Aggregate functions over partition in PostgreSQL
Aggregate functions are usually used with GROUP BY
clauses to perform aggregations on a set of rows (group).
Sometimes, there are cases when aggregates need to be run on different query levels (row vs group). In such situation OVER
function might be very handy.

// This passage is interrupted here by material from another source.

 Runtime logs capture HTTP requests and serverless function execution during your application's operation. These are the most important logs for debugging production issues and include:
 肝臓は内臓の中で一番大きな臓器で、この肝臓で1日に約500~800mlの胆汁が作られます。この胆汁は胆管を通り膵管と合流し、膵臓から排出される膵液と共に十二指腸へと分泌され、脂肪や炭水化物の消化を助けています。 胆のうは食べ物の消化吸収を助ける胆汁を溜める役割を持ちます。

It allows to either run function on across all rows or specific ones (PARTITION
).
The most basic example
Having table of products and categories:
category_id | name |
1 | Laptops |
2 | Phones |
3 | Tablets |
product_id | name |
1 | Macbook Pro |
2 | Macbook Air |
3 | iPhone 11 |
4 | Google Pixel 4 |
5 | iPad Mini 4 |
6 | iPad |
category_id | product_id |
1 | 1 |
1 | 2 |
2 | 3 |
2 | 4 |
3 | 5 |
3 | 6 |
Let’s say you would like to perform a query that returns the number of products in all categories next to the category’s id:
SELECT categories_products.category_id,
COUNT(*) OVER() AS all_products
FROM categories_products;
By using OVER()
you specify that the aggregate function (COUNT
in this case) that should be executed across all the rows (OVER()

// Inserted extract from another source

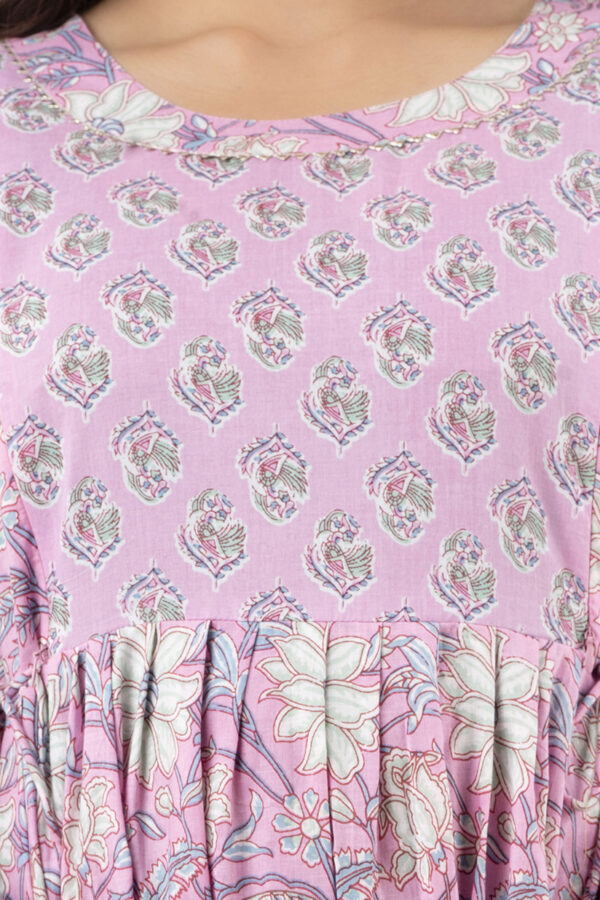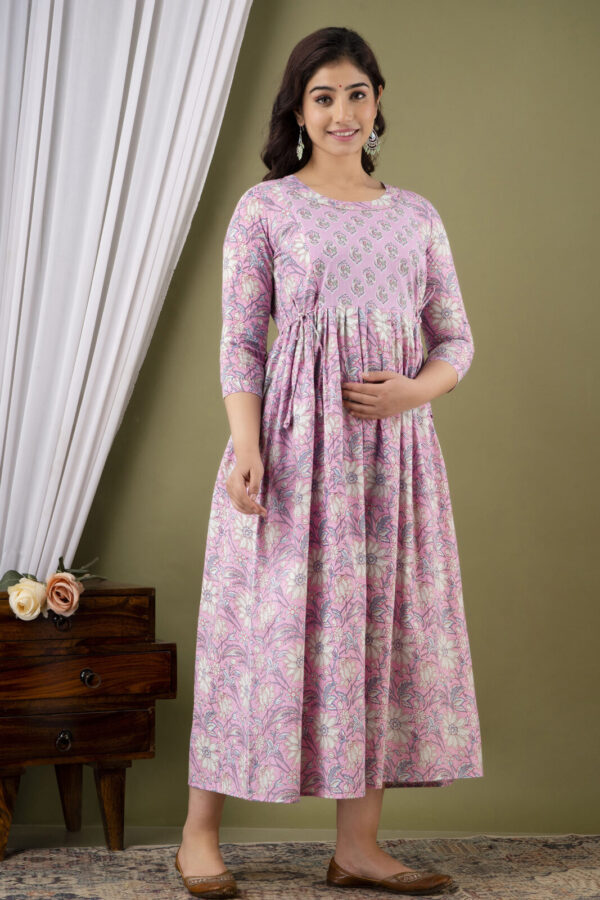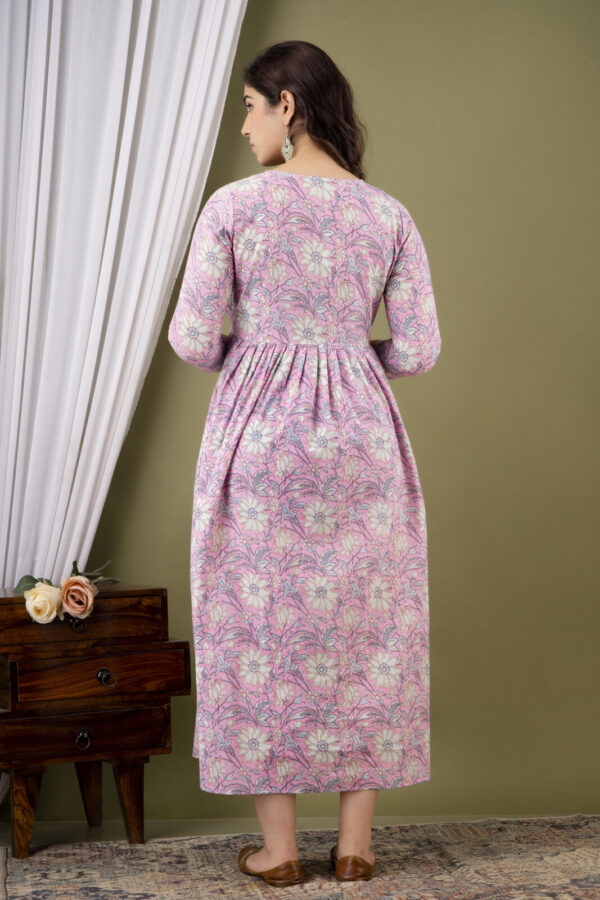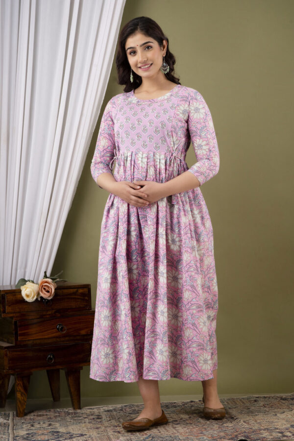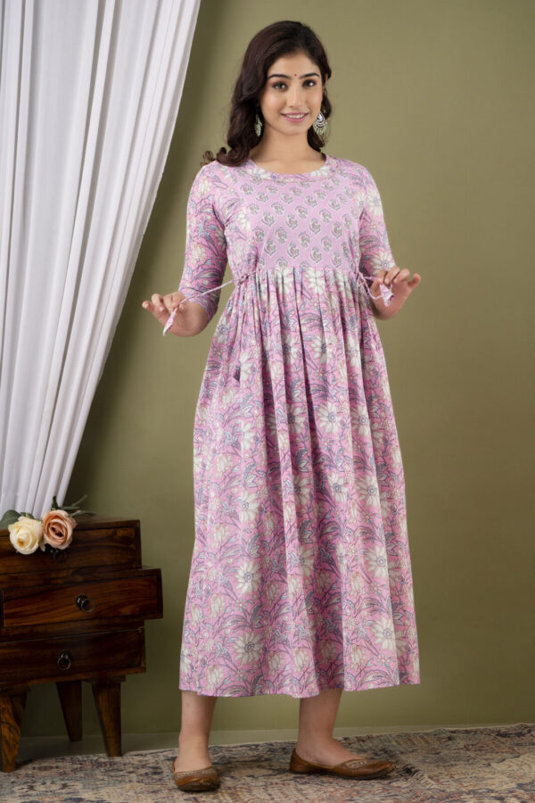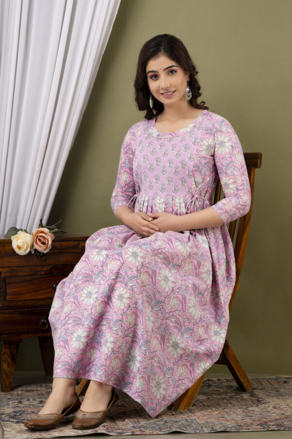 Baby Pink Floral Cotton Anarkali Maternity & Feeding Dress

is equivalent to empty GROUP BY
).
As a result, you receive a table where row related data is mixed with aggregation result across all rows:
category_id | all_products |
1 | 6 |
1 | 6 |
2 | 6 |
2 | 6 |
3 | 6 |
3 | 6 |
Nested aggregate functions
In GROUP BY
queries, aggregate functions can not be nested unless they are used with OVER
clause.
Let’s say we want to calculate products within each category but also have the information about the number of all products in the table:
SELECT
categories.category_id,
categories.name,
COUNT(*) AS products,
SUM(COUNT(*)) OVER() AS all_products
FROM categories_products
INNER JOIN categories
ON categories.category_id = categories_products.category_id
GROUP BY categories.category_id, categories.name;
Result:
category_id | name | products | all_products |
1 | Laptops | 2 | 6 |
2 | Phones | 2 | 6 |
3 | Tablets | 2 | 6 |
Nested SUM(COUNT(*))
function, sums COUNT(*)
result ran across all the groups (OVER()
).
Partition
If aggregate functions need to be executed on a specific set of rows, OVER (PARTITION...)
may come to the rescue.
Let’s say we want to calculate products within each category but also have the information about all products in the table (the same example as above) but without using GROUP BY
:
SELECT DISTINCT
categories.category_id,
categories.name,
COUNT(categories_products.product_id) OVER(PARTITION BY categories_products.category_id) AS products,
COUNT(categories_products.product_id) OVER() AS all_products
FROM categories
INNER JOIN categories_products
ON categories.category_id = categories_products.category_id
In this case, OVER(PARTITION BY categories_products.category_id)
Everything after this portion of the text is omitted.